「テトラポッド(消波ブロック)」「ガス代」(2023/11/27)

「テトラポッド売ってます」
 くたくたの段ボールに黒い油性ペンでそう書かれていた。

 海岸沿いの道路に面した何かの工場のような建物のガレージで、とても清潔とは思えない風貌の初老の男性が座っている。
 男性の目の前には広げられたブルーシートと、手のひらサイズのものからキャリーバッグほどはあろうかというくらいのものまで大小様々なテトラポッドが乱雑に置かれている。テトラポッドの露天商と言った具合だ。
 私は思わず声をかけてしまった。
「おっちゃん、これ何?」
 すると男性は嬉しそうに答える。
「何って、テトラポッドやん。海岸にいっぱいあるやつ。
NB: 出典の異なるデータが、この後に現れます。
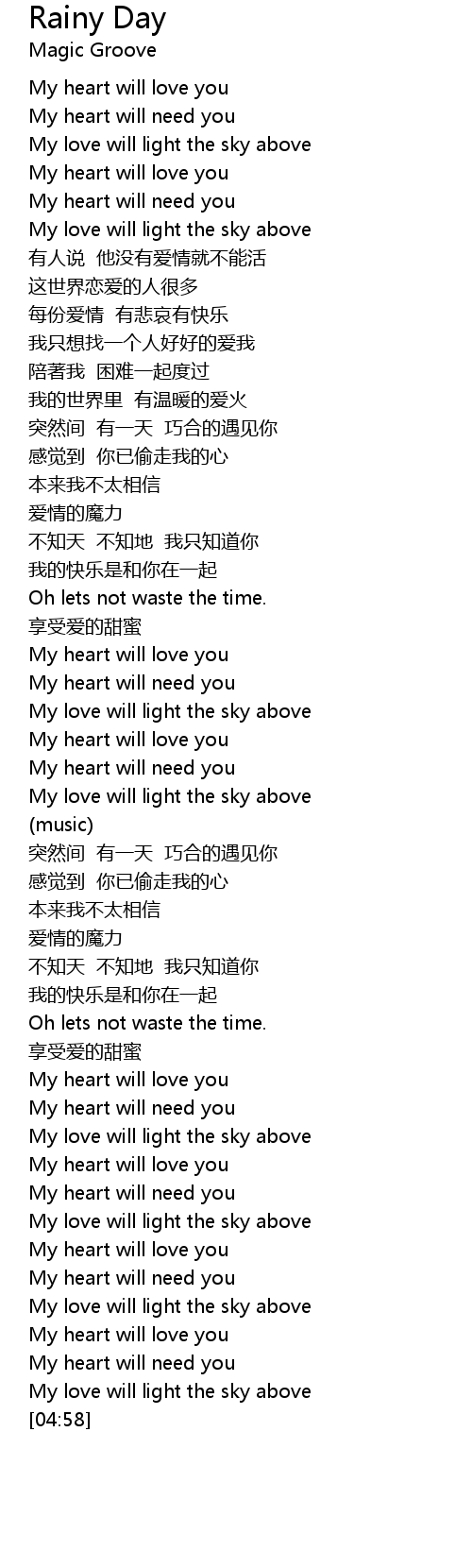 | [04:41] | My heart will love you |

かわいいやろ?買っていかんか?」
 私はその男性の笑顔を見て、悪い人ではないと直感した。
 それでいて少し可哀想であるし、人助けだと思って一つ買ってみようと思い立つ。
「じゃあ、一個もらおっかな。」
 男性はまた笑顔になる。
「おおきになぁ。これでおっちゃんやっと風呂入れるわ。ずっとガス代払えてなかってん。」
 その言葉を聞いて、私も嬉しくなる。人助けだと判断した自分を褒めてやりたい。

 お金とテトラポッドを交換し終え少し世間話をしていると、どこからかスーツ姿の二人組の男女がやってきた。
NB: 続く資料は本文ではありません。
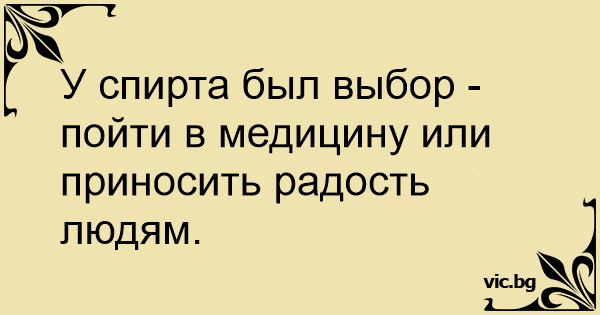 У спирта был выбор - пойти в медицину или приносить радость людям.

「すみません。テトラポッドを販売していると聞いてきたんですけども。」
 初老の男性は答える。
「ああ、売っとるよ」
 それを聞いて男女二人組は顔を見合わせ、いそいそと名刺を差し出した。
「私どもは、株式会社〇〇〇〇〇の者でございます。テトラポッドというのはですね実は私どもが商標登録をしておりまして、テトラポッドという名前を使って商売をすることは権利侵害にあたります。」
 突然の訪問と共に衝撃の事実を突きつけられた初老の男性は開いた口が塞がらない。
「権利侵害って……」
 スーツの男は続ける。
「つきましては、今後一切のテトラポッドという名称の禁止と、今までの売上の提供を約束していただけるなら、この事実は無かったことにしようと思うのですが、いかがでしょう?」
 初老の男性は肩を落としつつ、渋々納得した。